Security doesn't have to mean inspection lines or profiling.

It could mean guards walking around, like in an apartment complex or mall. It could mean people watching CCTV.

This could all be done by the airline. They don't want bombings just as much as you or I. The only difference is they don't have an incentive to create a regulation that forces people to subject themselves to embarrassment or harassment.

Where is the TSA's incentive? Justifying their existence. In one hand, you have an anti terrorist, governmental agency, which will always try to justify itself, and on the other you have a necessary expense for the airlines mandated by their public relations and to reduce bad press/events from happening.


But airlines provided the security before 9/11 and failed at that job miserably.

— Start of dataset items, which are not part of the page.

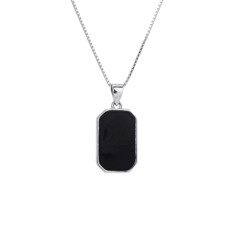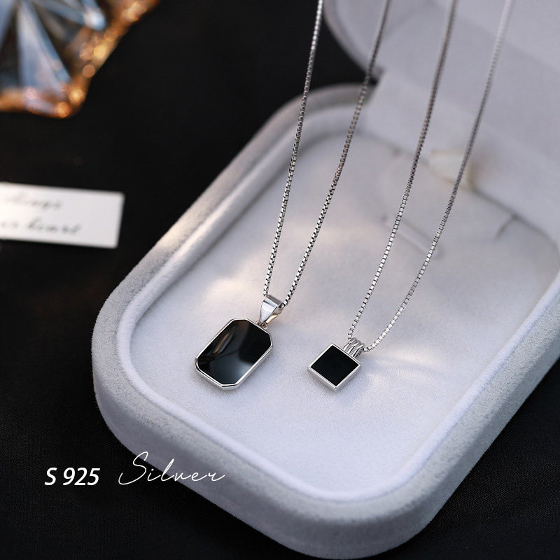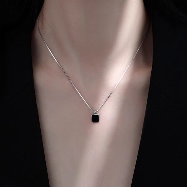 KLZ无事牌黑曜石纯银项链女2025新款小众简约方牌轻奢高级锁骨链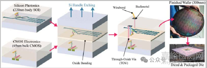下圖是一種三維集成的光學(xué)相控陣列,光學(xué)相控陣列的芯片分為兩個(gè)部分制備,光芯片在 220nm厚的 SOI 片上制備,電芯片在 65nm 厚的裸片上制備,然后經(jīng)過晶圓鍵合,實(shí)現(xiàn)兩者的集成,再經(jīng)過通孔工藝,實(shí)現(xiàn)電路芯片對(duì)光路芯片的控制,這種工藝方式可以將兩套完全不同的工藝分開制備,降低了單片集成的工藝復(fù)雜性,提高了制備效率,降低了工藝成本,這對(duì)產(chǎn)品的推向市場是有很大幫助的。
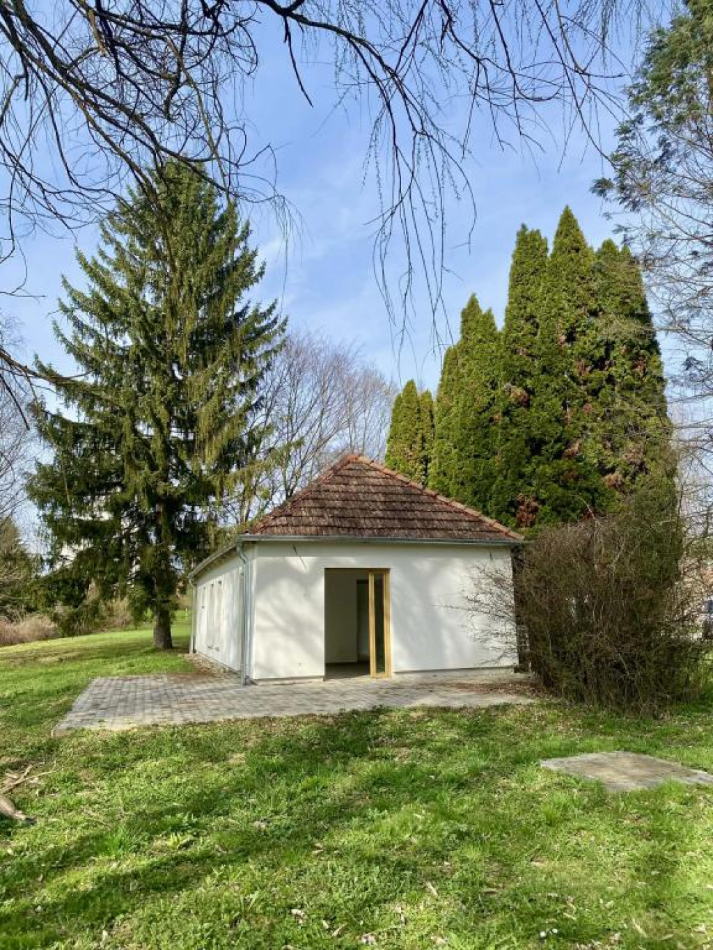 -1 vendégházból (48 nm: nappali + 1,5 háló), mely kényelmesen kiszolgál átutazóban lévő 4 fős
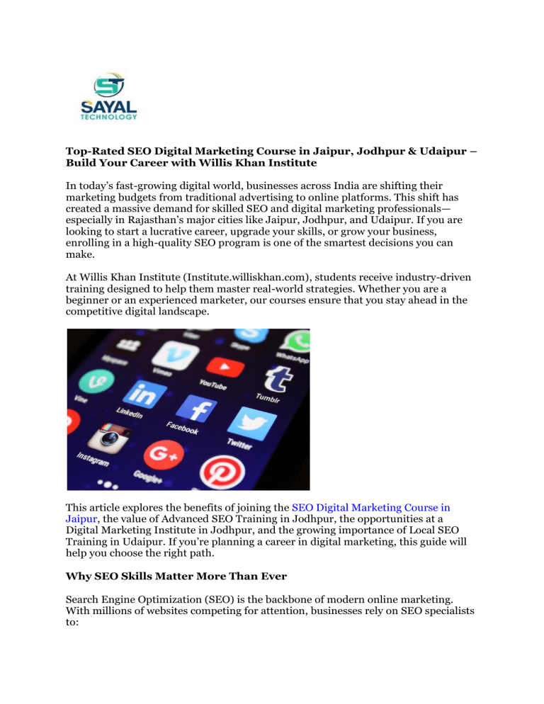 Jaipur, the value of Advanced SEO Training in Jodhpur, the opportunities at a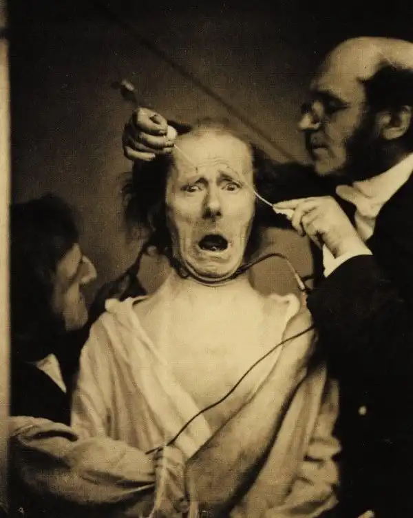 Невропатолог де Булонь подвергает этого беднягу разрядам электрического тока, чтобы изучить мускулы его лица, 1860

Airports (not airlines) provided security against known threats. The 9/11 hijackers circumvented that bringing in box cutters, not the expected guns and bombs, and by using the planes themselves as weapons, instead of just hijacking the plane and using the hostages as leverage.

TSA is in precisely the same reactive mode: make people take their shoes off after some nut tries to blow up his shoes, etc.

Bruce Schneier: "Only two things have made flying safer: the reinforcement of cockpit doors, and the fact that passengers know now to resist hijackers."


Wrong. Items used on that day were items that were permitted through security. They weren't "missed".